According to the South China Morning Post, the Hong Kong Consumer Council stated that they had found potentially carcinogenic PAHs after testing 30 samples of dried meat snacks.
Among the brands tested, Bee Cheng Hiang’s barbequed beef bak kwa had the highest amount of four PAHs at 18.2mcg/kg, surpassing the European Union (EU)’s limit of 12mcg/kg.
SFA and Bee Cheng Hiang Reassures That Bak Kwa Is Safe to Consume
Before you start looking for another snack to feast on for the next Chinese New Year, the SFA has already conducted an assessment and discovered that the reported PAH levels do not pose any food safety concerns.
This is because bak kwa is usually consumed occasionally and not regularly in large quantities.

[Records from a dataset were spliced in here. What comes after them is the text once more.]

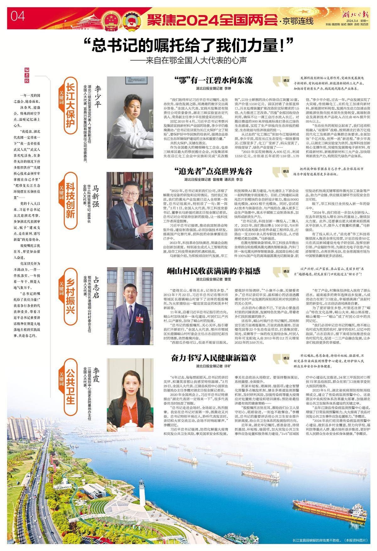 “总书记的嘱托给了我们力量!”我省各行各业的代表和委员,带着习近平总书记重要讲话精神在荆楚大地落地生根的实践故事,共赴春之约。
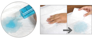 小型犬のおしっこと同じくらいの量の人口尿25mlを大体45度くらいの角度からかけてみて、他社さんのペットシーツと比べてみたよ。ちなみに45度ってのはボクたちがおしっこする時の、おおよその角度だよ。
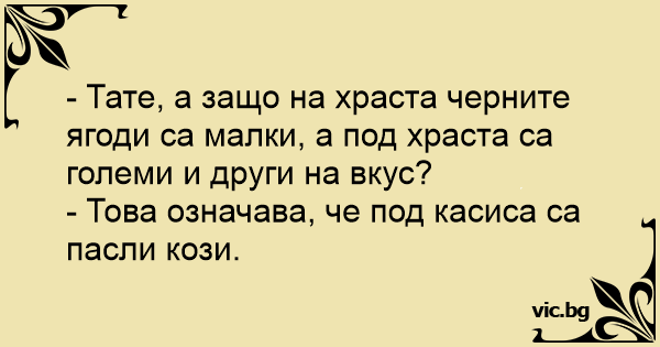 - Тате, а защо на храста черните ягоди са малки, а под храста са големи и други на вкус?
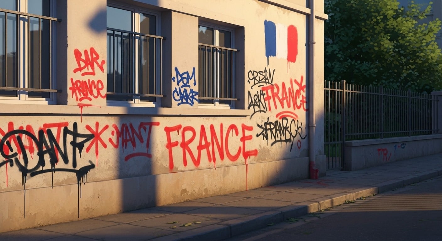 Le quartier concerné, connu pour ses difficultés sociales, a vu ses murs extérieurs transformés en quelques heures en support d’un discours virulent. Les inscriptions, rédigées en lettres capitales et visibles de loin, n’ont laissé aucun doute sur leur cible : la nation française dans son ensemble. Cet événement, loin d’être anodin, soulève de nombreuses questions sur le climat actuel dans certains territoires.
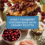 This Honey Cranberry Chicken Bake with Ricotta Cheese is a perfect balance of sweet and savory flavors. Tender chicken breasts are topped with fresh cranberries, creamy ricotta, and a touch of honey for a comforting, elegant dish that’s easy to prepare.
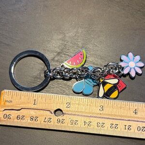 Fun Coach keychain with playful charms. Features pink, blue, and yellow accents. Perfect for bags or backpacks. NWOT, never used.
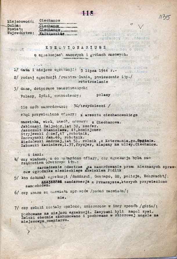 Wśród osób rozstrzelanych 3 lipca znaleźli się m.in. mieszkańcy wsi Wólka Drążdżewska w pow. makowskim, zatrzymani 29 czerwca: Teofil Dudek, Bolesław Zdunek, Stefan Zalewski, Czesław Dąbrowski oraz Wiktor Mikulak. Byli oni zamieszani w sprawę prowadzoną przez Gestapo przeciwko sołtysowi ww. wsi Władysławowi Parzychowi i jego synowi Antoniemu. Zarzucono im, że za ich namową sołtys nie zgłosił na posterunku żandarmerii faktu pojawienia się we wsi dwóch obcych mężczyzn. Z dokumentacji sprawy wynika, że ich śmierć nastąpiła w związku z akcją odwetową za zabicie Podlicha.
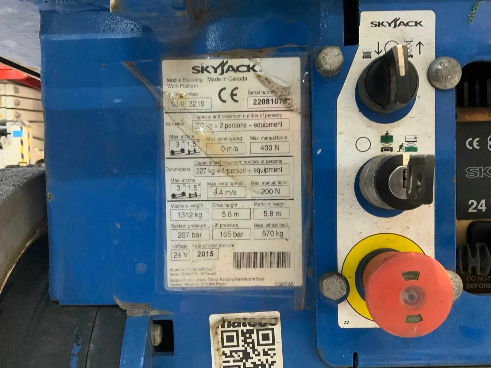 Interne acculader, urenstand 278 uur; platform uitgeschoven 243 cm, werkhoogte 7,8m Nee Merk: SkyJack Type: SJIII3219 Bouwjaar: 2015 Serienummer: 22081076 Elektrisch: true Schaarhoogwerker: true Werkhoogte: 7800mm Plateau afm. l: 1620mm Plateau afm. b: 650mm Platform capaciteit: 227kg Accu lader: true Afgelezen urenstand: 278 Eigen gewicht: 1312kg Totale afmeting L: 1900mm Totale afmeting Breedte: 800mm Totale afmeting Hoogte: 1200mm
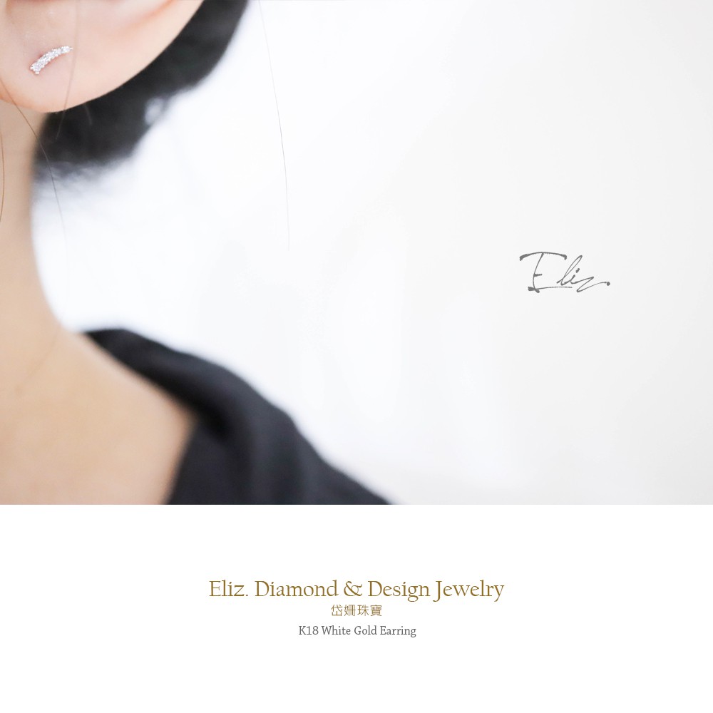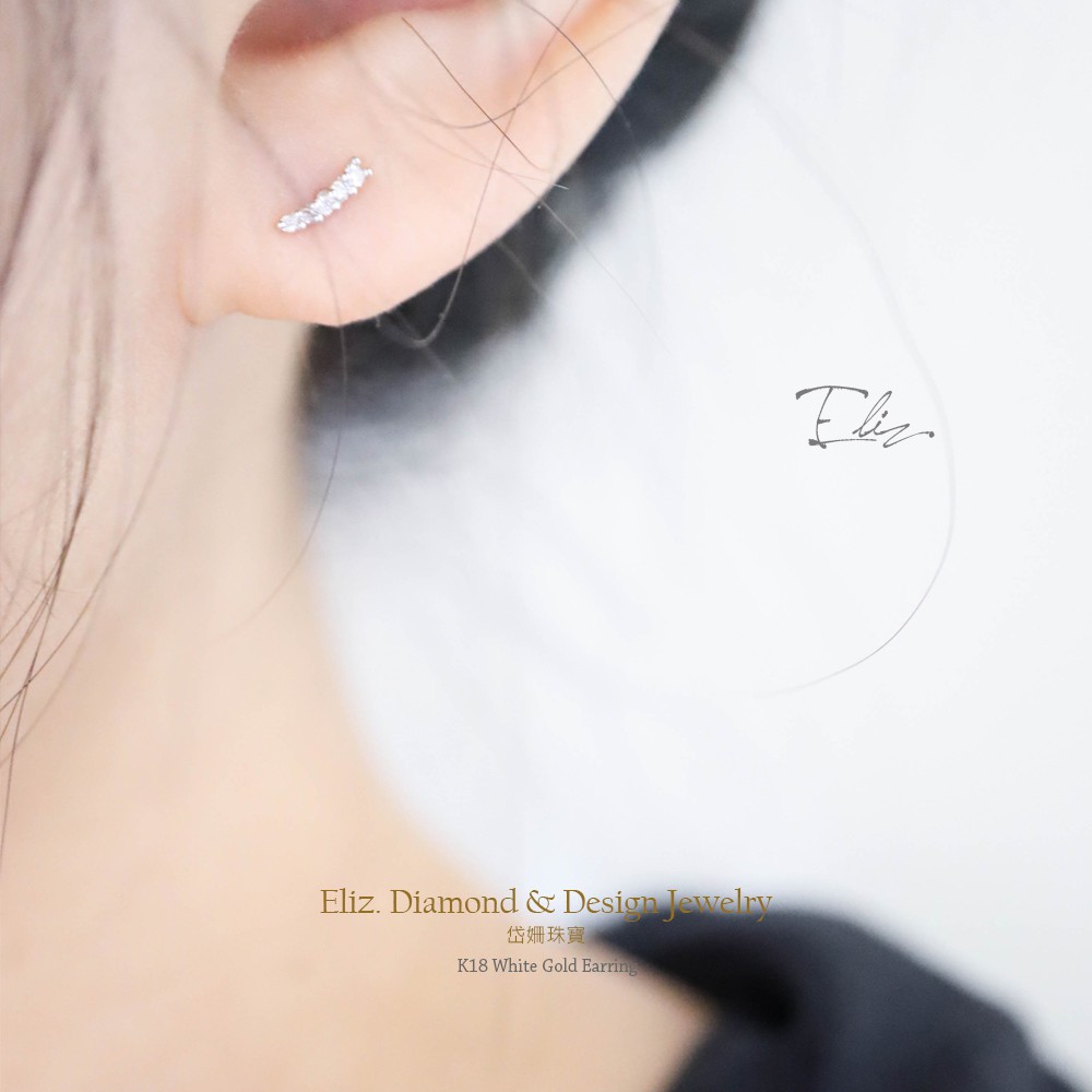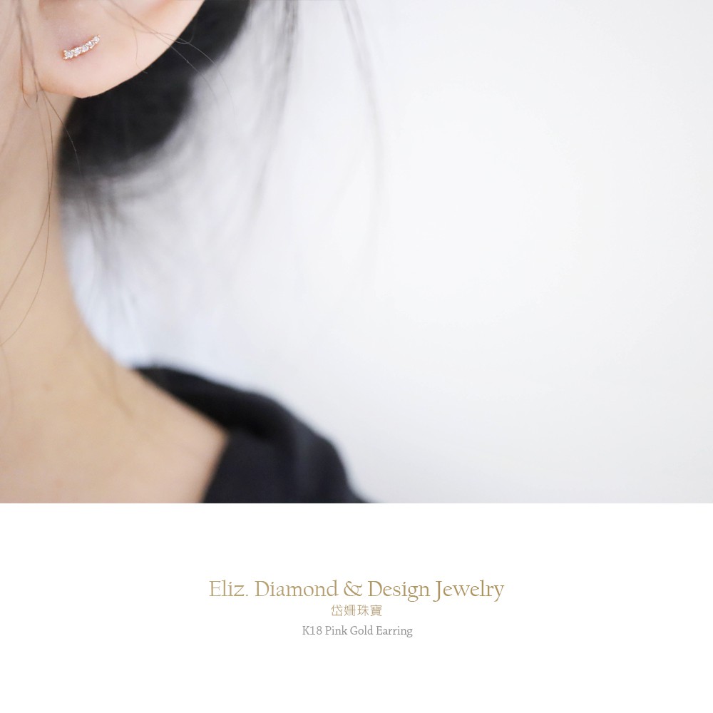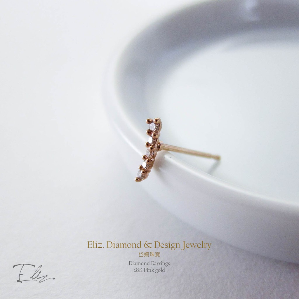 【岱姍珠寶】 18K 簡約 鑽石耳環 閃閃一撇 天然鑽石 耳針
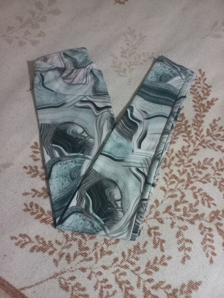 Gri batik desenli, elastik bel bantlı, yumuşak sentetik kumaştan üretilmiş uzun kadın tayt. Günlük sokak tarzı için uygundur.
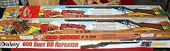 The Red Ryder BB Gun is a BB gun made by Daisy Outdoor Products and introduced in the spring of 1940 that resembles the Winchester rifle of Western movies.[6] Named for the comic strip cowboy character Red Ryder (created in 1938, and who appeared in numerous films between 1940 and 1950, and on television in 1956), the BB gun is still in production, though the comic strip was cancelled in 1963.
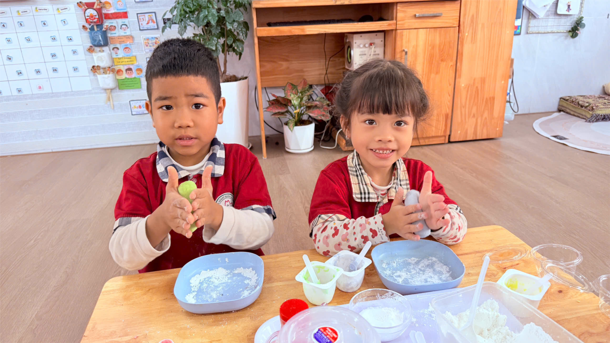 Hoạt động làm đất nặn từ bột mì đã mang đến cho các bạn nhỏ những trải nghiệm thú vị và bổ ích. Các con được hướng dẫn trộn bột mì với nước, muối và màu thực phẩm để tạo ra đất nặn an toàn, dễ sử dụng. Thông qua hoạt động, trẻ không chỉ rèn luyện sự khéo léo của đôi tay mà còn phát huy óc sáng tạo, hứng thú tham gia các hoạt động học tập trải nghiệm.

They also shared that PAHs are formed when meat is grilled and pan-fried on high heat over an open flame.
When the fat and juices from the meat drip onto the heated surface or the open fire, flame and smoke are produced, and PAHs are found in the smoke, which then rests on the surface of the meat.
In an interview with The Straits Times, a representative from Bee Cheng Hiang said that their Hong Kong team is handling the situation and verified that their Hong Kong products comply with the Hong Kong Centre for Food Safety (CFS).
They also reassured that their bak kwa in Singapore is safe to eat, and the company adheres to SFA’s food safety requirements.